Aramine and sensmore have announced a partnership to introduce an automated, battery-powered Aramac L140B loader into the underground production environment at Cemex in Germany. This collaboration transforms a proven underground machine into a fully autonomous production system designed for real operating conditions.
As Europe actively seeks secure access to critical raw materials, underground extraction must become safer, more efficient, and less dependent on scarce skilled labour. Autonomous machines represent a practical path to achieving these vital goals by greatly reducing operator exposure to demanding underground environments.
Marc Melkonian, co-president at Aramine in charge of the equipment division, highlighted the strategic importance of this development. "The next step is to take raw materials under our feet, under our ground, in Europe, and not on the other side of the world. For that, we are not going to send people underground, but we are going to send machines that are capable to do it by themselves," said Melkonian.

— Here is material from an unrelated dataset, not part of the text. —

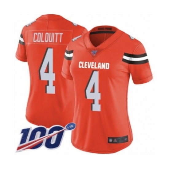 Women's Cleveland Browns #4 Britton Colquitt Orange Alternate Vapor Untouchable Limited Player 100th Season Football Jersey
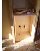 再び壁を作ります。換気口に繋いだダクトの先が、壁から出ていますね。

The hardware driving this initiative is the Aramac L140B loader, provided by Aramine. Launched in 2016 to introduce new technology into underground mining, this battery-powered machine was explicitly designed with the openness required for autonomous control. Featuring a 1.3-tonne payload, it is engineered specifically for the distinct challenges of narrow-vein mining. The L140B successfully combines productivity, manoeuvrability, and operational flexibility in confined underground spaces. Operating with zero local CO2 emissions, the loader supports safer mining environments whilst enabling the transition toward fully autonomous production.
While Aramine provides the physical platform, sensmore acts as the automation system provider. The software company turns the L140B into an intelligent, autonomous production machine. The integration encompasses the entire automation stack, safety architecture, machine control, and operational interfaces required for active production use. At Cemex in Rüdersdorf, sensmore connected the automated L140B to the entire production process, including the conveyor belt, functional safety networks, and site infrastructure. Consequently, the machine operates not as an isolated robot, but as an integral part of the continuous underground workflow.

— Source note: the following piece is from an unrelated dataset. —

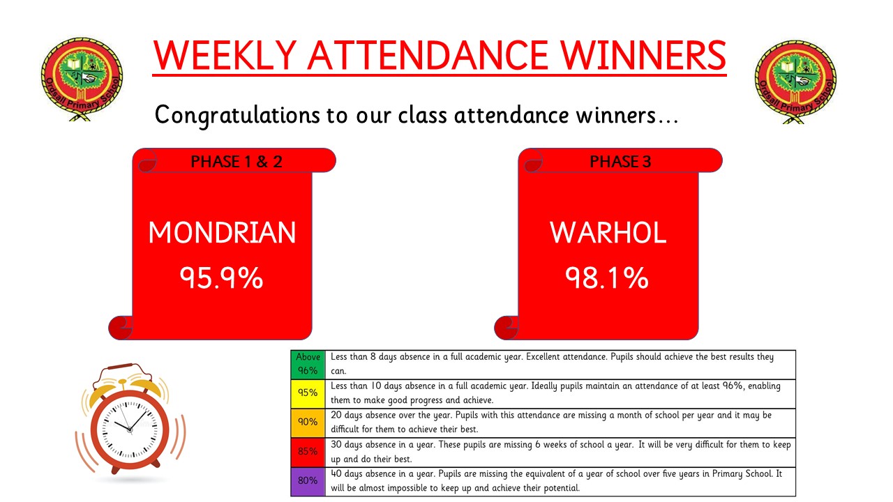 Finally, congratulations to our attendance champions this week: Mondrian Class topped Phases 1 and 2 with a brilliant 95.9% attendance, and Warhol Class led the way in Phase 3, also with 98.1%.

"Autonomy in heavy industry only creates real value when it is vertically integrated into the production environment," said Maximilian Rolf, CEO and Co-founder of sensmore. "At Cemex, we are integrating the Aramine L140B into the entire underground process. That is how autonomous machines become part of industrial reality today".
The operational impact of this deployment is already highly visible. Christian Zinnecker, coordinator underground operations, extraction & blasting at Cemex, noted the project's significance. "Implementing this system is a major milestone for us. It helps improve productivity, reduces operator exposure to underground risks, and supports our journey toward safer and lower-emission mining operations" said Zinnecker.
The automated Aramac L140B boasts remarkable endurance, operating autonomously for up to eight hours, compared with around five hours in manual, manned mode. This substantial increase translates into greater machine availability, a reduction in repetitive tasks, and a significantly safer working environment underground.
Together, Aramine, sensmore, and Cemex are demonstrating that autonomous underground extraction is no longer a future concept. It is becoming an industrial reality: safer for people, easier to operate, and fully ready to support the next generation of underground resource production.